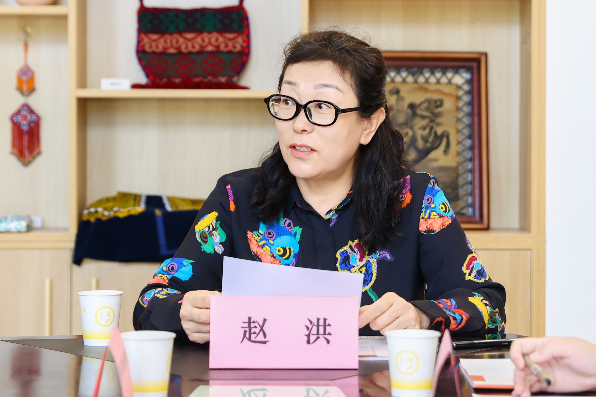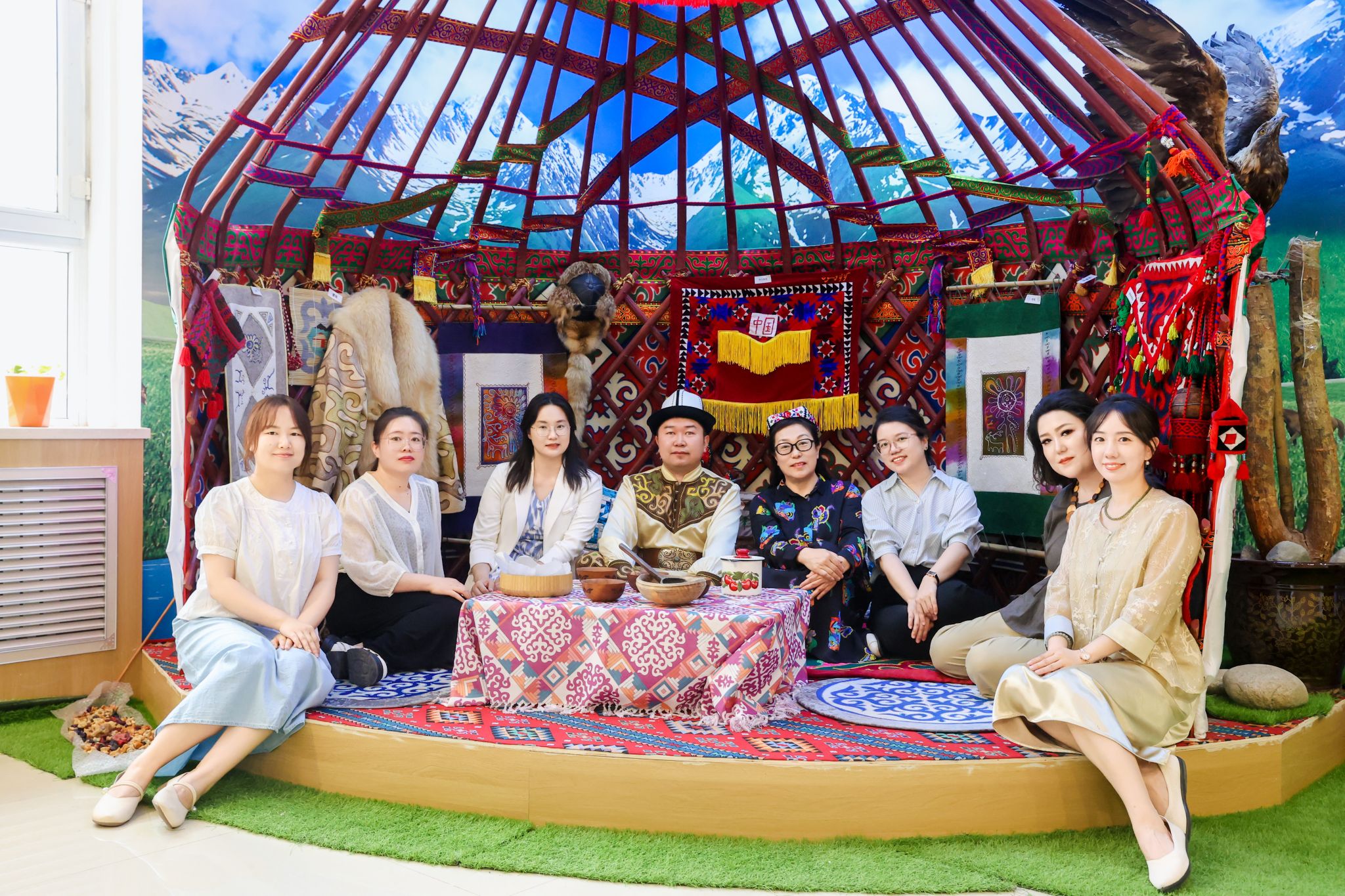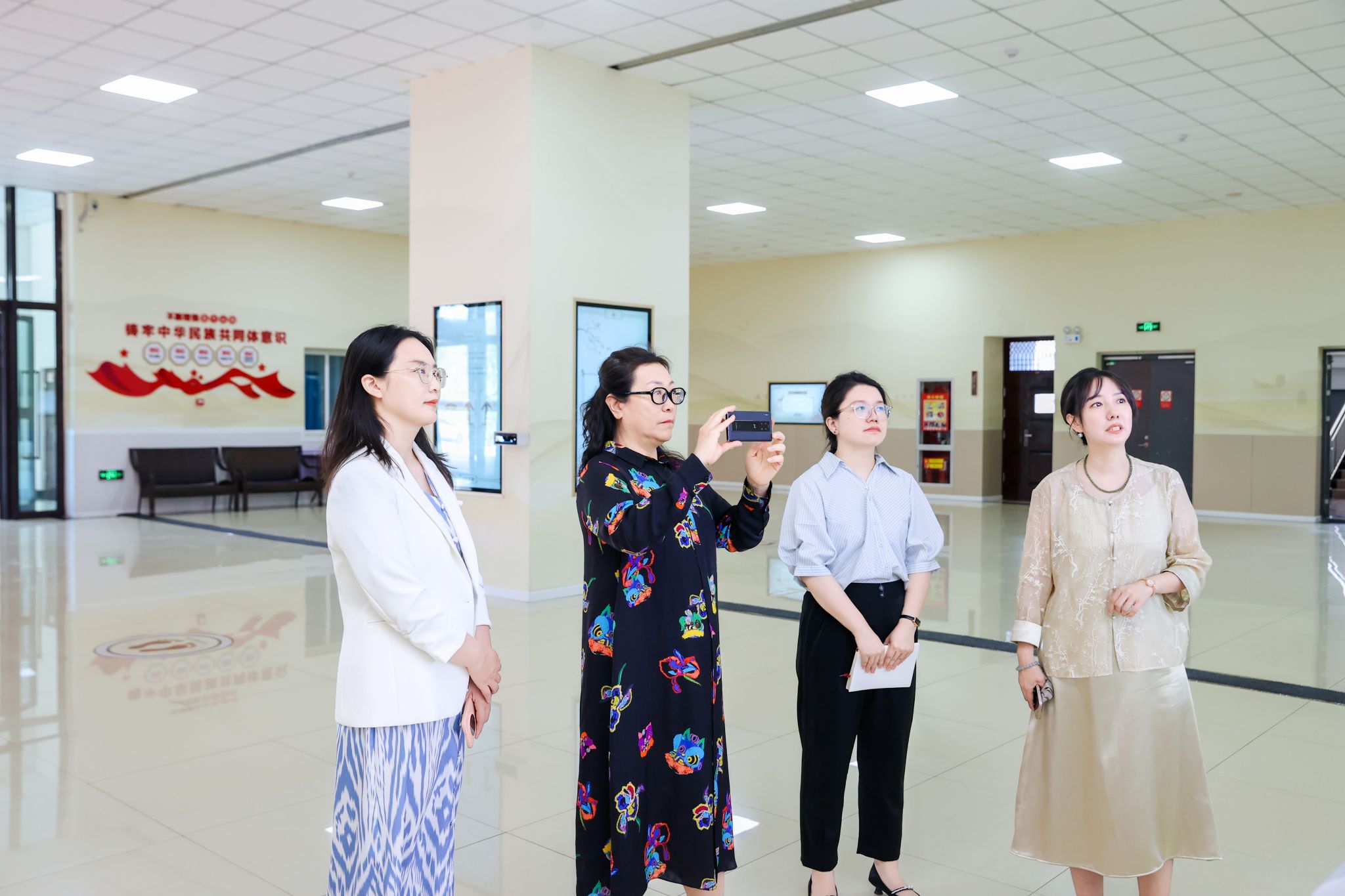 参观结束后,赵洪教授和我校美育中心全体工作人员在玛纳斯非遗展厅就美育工作开展了深入交流。赵洪教授对我校美育工作的探索实践成果予以充分肯定,并就进一步提升美育教学质效提出具体指导意见:一是强化宣传推广,充分发挥新媒体平台优势,拓宽美育工作传播覆盖面;二是深化教学反馈机制,全面收集学生课后学习收获与体会,精准把握教学需求,持续优化课程设计与教学方法;三是立足地区性师范大学定位,充分发挥优质教学设施资源优势,主动承担社会责任,通过开展公益培训、师资帮扶、美育实践基地共建等方式,辐射带动地区美育事业协同发展,切实发挥示范引领作用。
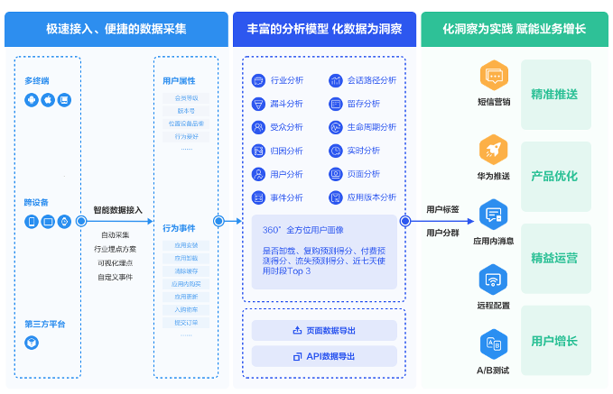 华为分析,提供数据接入、数据分析、用户生命周期、数据管理能力于一体,驱动企业实现精准拉新、产品优化、精益运营、业务增长。
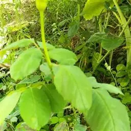 小枝及叶柄具刚毛及星状分枝的硬毛或刚毛以及粗而直的皮刺。大叶片长约30厘米,宽约15-20厘米,常羽状半裂,裂片为不规则的卵形或披针形,上面粗糙,具刚毛状的单毛,下面被粗糙的星状毛。
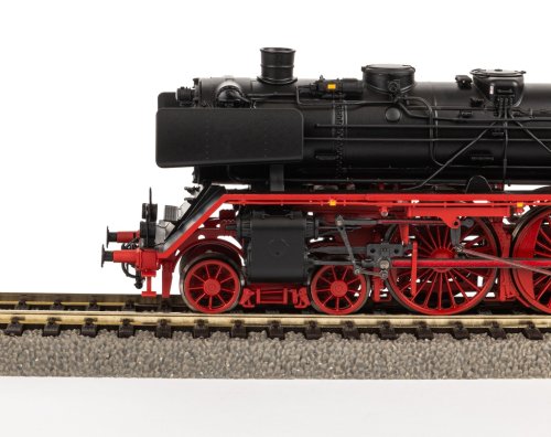 Parná lokomotíva radu BR 03 je novinkou roku 2024. Rovnako ako originál má model štyri veľké predné kolesá, zodpovedajúce reflektory, správne stvárnený rám a verne prevedené klátikové brzdy. Celkový dojem dopĺňa ostro kontúrovaná potlač a krátka tabuľka s označením lokomotívy. Vďaka modernému rozhraniu PluX22 je možné model jednoducho dodatočne vybaviť digitálnym dekodérom. Okrem toho je model pripravený aj na dodatočnú inštaláciu zvukového modulu s čo najväčším reproduktorom. Špecifikácia: napájanie DCanalógové ovládanie dĺžka s nárazníkmi 275 mmšachta NEM minimálny rádius 422 mm2 bandážované koladigitálne rozhranie NEM 658 PluX22zvuk – nie, dodatočná montáž zvukového dekodéra PIKO, číslo produktu 56620 vonkajšie osvetlenie - biela/červená svieti v závislosti od 56620 digitálne prepínateľné osvetlenie kabíny a osvetlenie ohniska (s dekodérom PluX22) Hlavné vlastnosti: realistické farebné prevedeniedetailné spracovanieatraktívny design
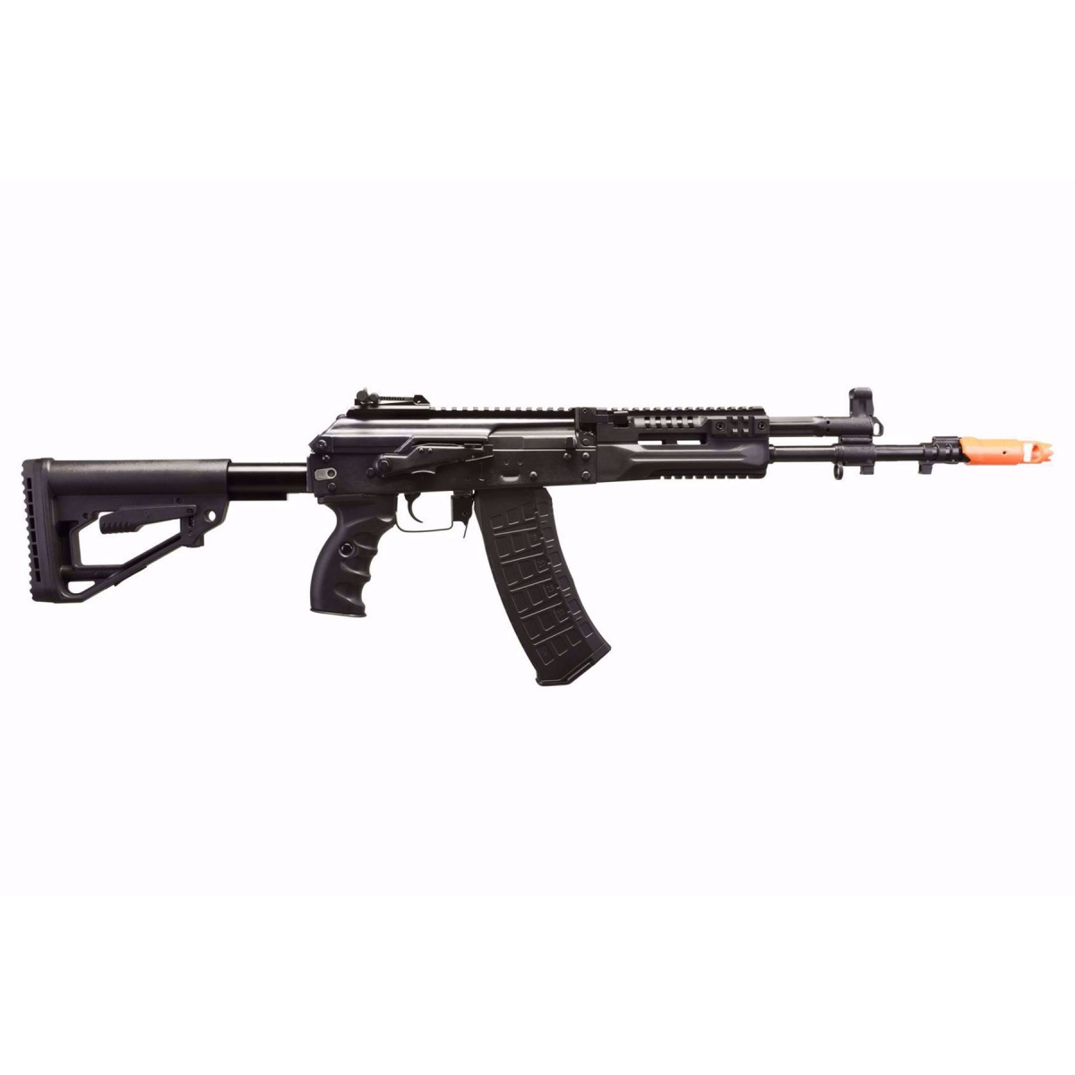 The E&L AK12 Platinum AEG 6mm Airsoft Rifle w PT 2.0 ETU V3 in black is built for players who want modern AK styling with dependable field performance. This Platinum series AEG runs semi auto and full auto and shoots at approximately 382 FPS, making it a strong choice for outdoor skirmishes and mixed environments. A rugged metal frame keeps the build solid, while the retractable polymer stock helps you adjust length of pull for different gear setups and shooting positions. Up front and out back, adjustable front and rear sights make it easy to dial in your sight picture, and the adjustable hop up lets you fine tune BB flight for better range and consistency. Internally, the PT 2.0 ETU V3 enhances trigger response and control, giving this AK12 AEG airsoft rifle the crisp feel players look for when moving between targets.

[DESCRIPTION OF THE TASK] Set down again, word for word, every line from the one with "华为分析,提供数据接入、数据" to the one with "小枝及叶柄具刚毛及星状分枝的" in the entries above, and omit the pictures.

[FINISHED TASK]
 华为分析,提供数据接入、数据分析、用户生命周期、数据管理能力于一体,驱动企业实现精准拉新、产品优化、精益运营、业务增长。
 小枝及叶柄具刚毛及星状分枝的硬毛或刚毛以及粗而直的皮刺。大叶片长约30厘米,宽约15-20厘米,常羽状半裂,裂片为不规则的卵形或披针形,上面粗糙,具刚毛状的单毛,下面被粗糙的星状毛。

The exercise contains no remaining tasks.